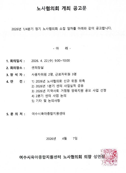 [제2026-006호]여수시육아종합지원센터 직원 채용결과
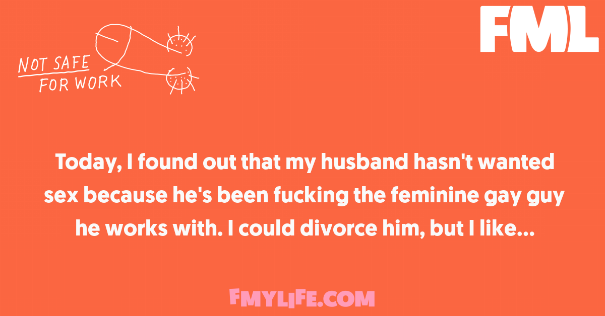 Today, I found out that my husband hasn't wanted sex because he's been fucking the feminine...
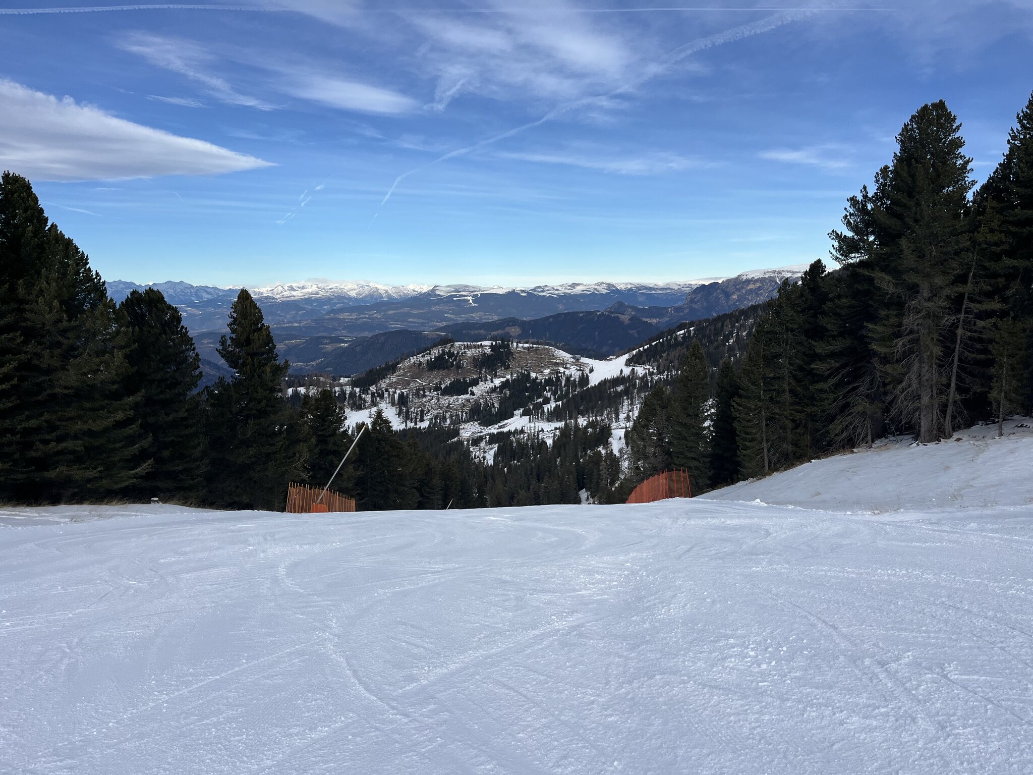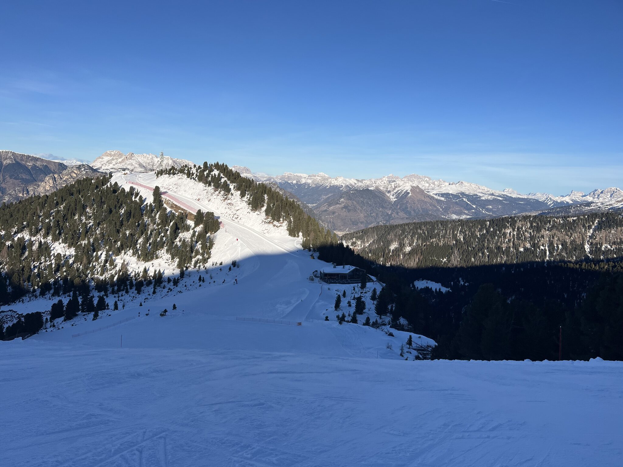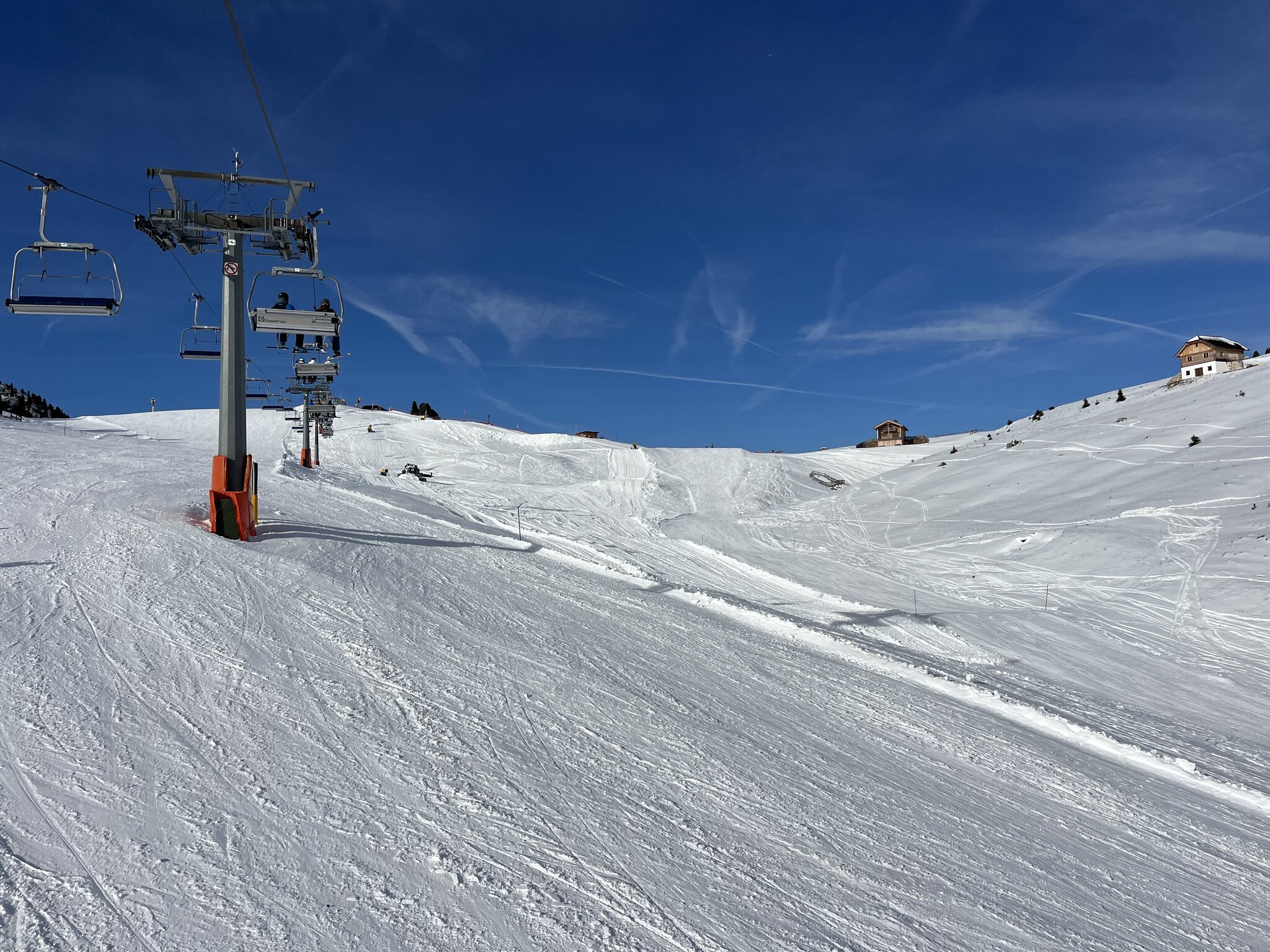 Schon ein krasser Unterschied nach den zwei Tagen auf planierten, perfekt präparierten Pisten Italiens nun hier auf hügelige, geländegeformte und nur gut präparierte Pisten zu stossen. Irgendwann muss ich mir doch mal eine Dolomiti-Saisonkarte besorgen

WHAT IS EXPECTED
Pictures are to be left out; the listing above is otherwise to be copied exactly.

SOLUTION TO THE PROBLEM
 [제2026-006호]여수시육아종합지원센터 직원 채용결과
 Today, I found out that my husband hasn't wanted sex because he's been fucking the feminine...
 Schon ein krasser Unterschied nach den zwei Tagen auf planierten, perfekt präparierten Pisten Italiens nun hier auf hügelige, geländegeformte und nur gut präparierte Pisten zu stossen. Irgendwann muss ich mir doch mal eine Dolomiti-Saisonkarte besorgen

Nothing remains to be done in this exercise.